Section 1009.104 makes mandatory that every owner of a vehicle operating at any time on the highways of Pennsylvania carry specified minimum amounts of no-fault insurance coverage for that period of time when the vehicle is present in the state. This applies as well to non-resident owners of vehicles operated in Pennsylvania for any period of time, however short. Greathouse v. Federal Kemper Insurance Co., 13 Pa.D. & C.3d 785 (1980). It is not easy to understand why with one hand the legislature would make such careful provision for the protection of non-resident victims through their inclusion in the assigned claims plan and the requirement that they carry minimum amounts of no-fault insurance, if with the other hand they intended to permit them a complete and unlimited remedy outside the Act. It appears to be somewhat anomalous to require one to carry no-fault insurance and then allow him to recover from an independent source damages covered by the insurance. The inter*781play of these sections may indicate that the legislature’s purpose was to create a plan which is uniform in its operation on resident and non-resident victims alike as suggested by the Toter dissent.

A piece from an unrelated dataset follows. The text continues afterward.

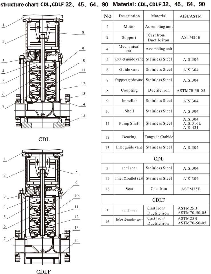 Type de pompe:pompe multicellulaire verticale

While these considerations are attractive, we apply here the holding of the majority in Toter in accord with the deference we owe in a diversity case to a decision of a Pennsylvania Appellate Court, West v. American Telephone & Telegraph Co., 311 U.S. 223, 237, 61 S.Ct. 179,183, 85 L.Ed. 139 (1940), and in the absence of any indication of a contrary position of the Pennsylvania Supreme Court. Blake v. Kline, 612 F.2d 718, 723 (3d Cir. 1979). Plaintiff may pursue his negligence claim against the defendant without being required to recover a portion of his damages under the No-Fault Act.

The question has been raised as to whether plaintiff’s employer’s Worker’s Compensation insurer must be joined as a real party in interest under Fed.R.Civ.P. 17(a). It is clear that no subrogation rights exist under the Ohio Worker’s Compensation Law. Ohio Rev.Code Ann. § 4123.01 et seq. (Page): Madrin v. Wareham, 344 F.Supp. 166 (W.D.Pa.1972). Without subrogation, the insurer has no interest in these proceedings and need not be joined in this action.

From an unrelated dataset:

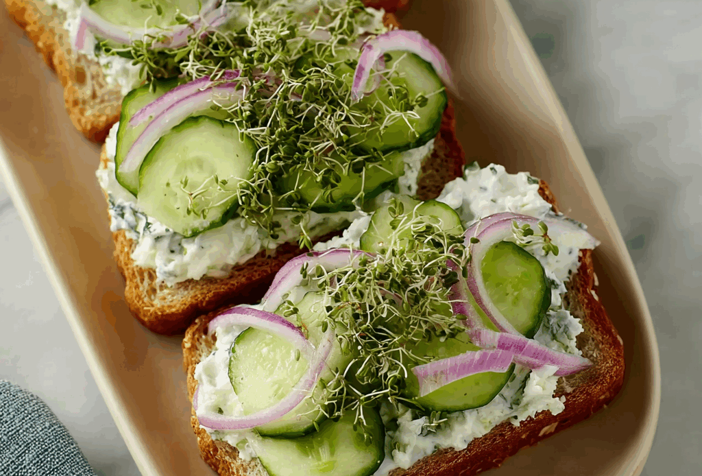 Step 1 Slice your cucumber very thinly. A mandoline works great for this. Toss the slices with a teaspoon of salt. Let them sit for 20 minutes. Step 2 Press the cucumber slices between paper towels. You want to remove all the extra water. This stops your sandwich from getting soggy. (My hard-learned tip: press firmly for a full minute!). Step 3 Mix the soft cream cheese and mayonnaise in a bowl. Stir in the fresh dill, chives, and spices. Taste it and add more pepper if you like. The spread should be smooth and herby. Step 4 Spread the herby cream cheese on your bread slices. Layer the dried cucumber slices on top. Close the sandwich and cut off the crusts if you wish. Slice into triangles or fingers for serving. What’s the key to a non-soggy cucumber sandwich? Share below! Cook Time: 25 minutes Total Time: 25 minutes Yield: 4-6 servings Category: Lunch, AppetizerThree Tasty Twists to Try

The award of workmen’s compensation benefits to plaintiff requires an examination of the collateral source rule. The question posed is whether benefits such as workmen’s compensation must be deducted from any award received in this action, or whether plaintiff will be permitted “double dipping”, that is full recovery of damages without deduction of the collateral benefits. Because by statute plaintiff’s tort claim is governed by Ohio law, 40 Pa.Stat.Ann. § 1009.110(c)(2), we will look to Ohio’s position on the collateral source doctrine.

In Ohio, workmen’s compensation benefits are regarded as being in the nature of occupational insurance from which the tortfeasor should not receive a benefit. Dearhouse v. Bethlehem Steel Co., 118 F.Supp. 936, 939 (N.D.Ohio 1954). The settled Ohio collateral source rule then is that in a negligence action against a third-party tortfeasor, the workman is entitled to recover the full amount of damages sustained without deducting awards under the Worker’s Compensation Law. Truscon Steel Co. v. Trumbull Cliffs Furnace Co., 120 Ohio St. 394, 166 N.E. 368 (1929); McDowell v. Rockey, 32 Ohio App. 26, 167 N.E. 589 (1929); Dearhouse, supra, 118 F.Supp. 936; Powell v. Wagner, 178 F.Supp. 345 (E.D.Wisc. 1959); 58 O.Jur.2d, Workmen’s Compensation § 20.

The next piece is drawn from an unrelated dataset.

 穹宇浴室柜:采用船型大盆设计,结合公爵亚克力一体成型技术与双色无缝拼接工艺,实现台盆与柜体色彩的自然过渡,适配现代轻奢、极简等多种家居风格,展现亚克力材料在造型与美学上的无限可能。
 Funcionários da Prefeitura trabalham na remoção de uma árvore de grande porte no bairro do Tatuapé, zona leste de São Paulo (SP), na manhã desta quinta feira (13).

In summary, and for the reasons stated above: a) plaintiff is not required to pursue no-fault remedies for threshold amounts and may maintain a tort action in accord with Ohio law for the full amount of damages; b) no subrogation rights exist and no additional parties need be joined under Fed. R.Civ.P. 17(a); and c) Ohio Worker’s Compensation is a collateral source and is not to be deducted from any award for damages received in this action.